Viki: Have you met Pippa and Zoë? If so, did they have any impact on your decision to get a dog? 

I have had the wonderful privilege of meeting Pippa and Zoë, both excellent doggos. My decision to get a dog certainly predated the meeting, but we could say they only heightened my resolve. 

Faraday: So during the Dispatch Live events, you may have noticed a bit of a running commentary re: Bond Villains. While Kevin definitely emits the aura and presence of a Bond Villain (he really just needs to be stroking a cat on one of the Live events to complete the look, your name very much fits the bill (all in good fun but feel free to roll with this if you so choose). That said, have you ever been contacted by SMERSH or SPECTRE and, if so, can you discuss any of the related conversations? 😎

I simply can’t comment on this inquiry without compromising sources and methods. I will simply say that one of my favorite martini formats is a variation on the Vesper, although not prepared in the abominable fashion that 007 requested. Stirred—always stirred. 

Bendegrow: What one or two popular history books (nonfiction or historical fiction) would you classify as your favorite guilty pleasures that you wouldn’t brag about reading in grad school? 

No reading is a guilty pleasure! I really like Erik Larson. He writes non-fiction that truly reads like a novel. I loved In the Garden of the Beasts: Love, Terror, and an American Family in Hitler’s Berlin and The Splendid and the Vile: A Saga of Churchill, Family, and Defiance During the Blitz. His latest book, The Demon of Unrest, is about the start of the Civil War, and it’s on my shelf.

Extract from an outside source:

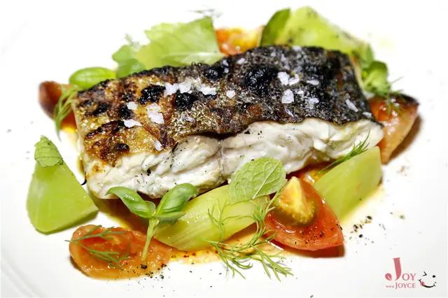 西餐常見的魚種,取材自台灣現流鬼頭刀魚,用直火碳烤至外皮微焦脆上桌。搭配一旁萵苣莖營養又清淡,是女生會非常愛的口味哦。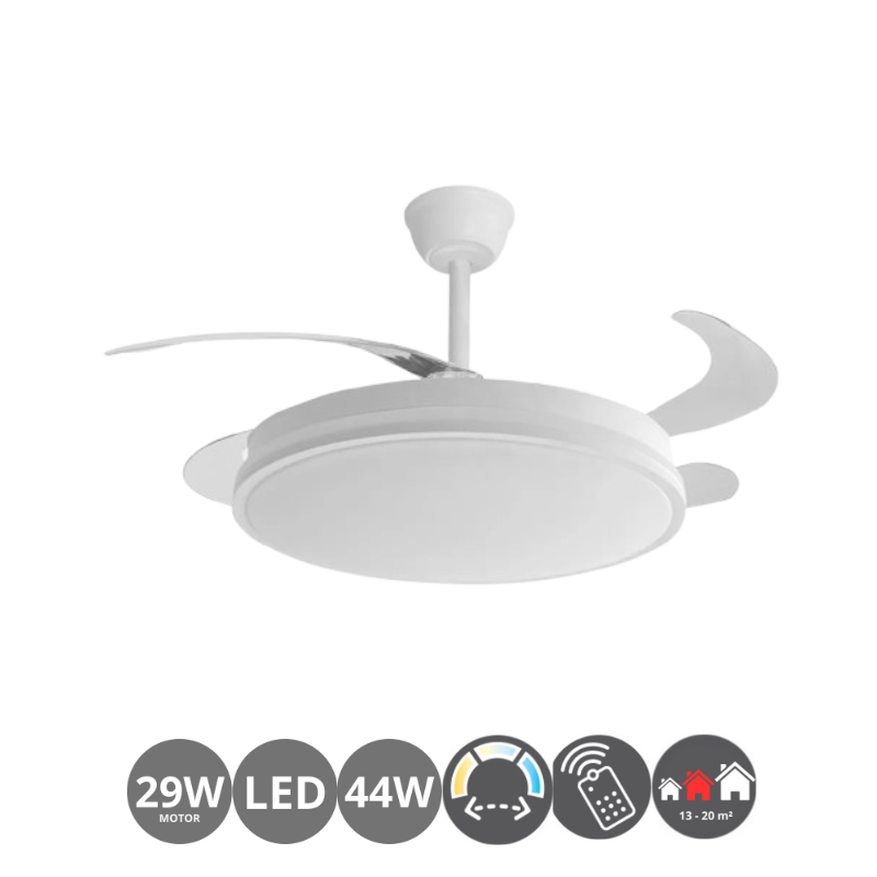 Ventilador de techo GUERRERO led de consumo 44 watt. Luminosidad 4900 lúmenes. 3 temperaturas de luz: 6500, 4000 y 3500 Kelvin con memoria y mando a distancia con temporizador incluido. Acabado blanco. Aspas desplegables ABS transparente. Motor DC 6 velocidades. Revoluciones por minuto 150 / 165 / 185 / 195 / 215 / 230 rpm. Consumo motor 7 / 10 / 14 / 19 / 23 / 29 watt. Control de aire verano/invierno. Hasta 20 metros cuadrados.

Evelyn and Chad.Ingels asked what’s up with the Blain’s Farm & Fleet hat. My grandparents on my dad’s side live in Central Illinois, and when we visited them growing up, I always loved going to Blain’s. A couple of summers ago I spotted that hat on a trip to Blain’s and thought to myself that it actually looks like something I would see in Brooklyn—trucker hats are big with the hipsters. Sure enough, a month after I bought the hat, I saw someone else wearing the exact same one in Brooklyn.

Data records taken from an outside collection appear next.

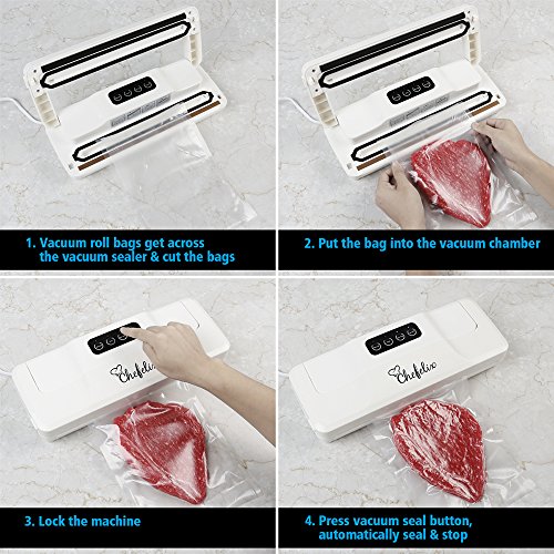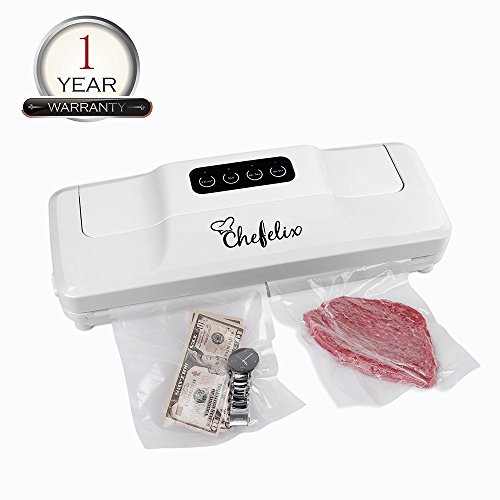 Chefelix 2-in-1 Automatic V1 Vacuum Sealer with Tube and 10 Vacuum Bags, Easy One-Touch, Seal Indicator Lights & Quiet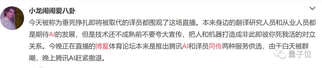 就在当天,还出现了腾讯急找同传救场的传言。但后来被证实,这不是腾讯AI同传团队干的。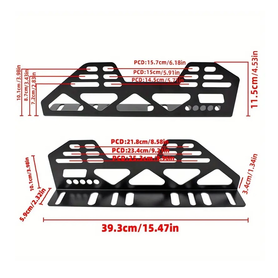Suporte metálico preto com medições em vermelho sobre fundo branco

Last but not least, I have to give a shout-out to an old teacher of mine who I was pleasantly surprised to find in the comments section. Mrs. Franklin, I hope all is well, and thanks for putting up with me in class!

Grayson Logue is the deputy editor of The Morning Dispatch and is based in Philadelphia, Pennsylvania. Prior to joining the company in 2023, he worked in political risk consulting, helping advise Fortune 50 companies. He was also an assistant editor at Providence Magazine and is a graduate student at the University of Edinburgh, pursuing a Master’s degree in history. When Grayson is not helping write The Morning Dispatch, he is probably working hard to reduce the number of balls he loses on the golf course.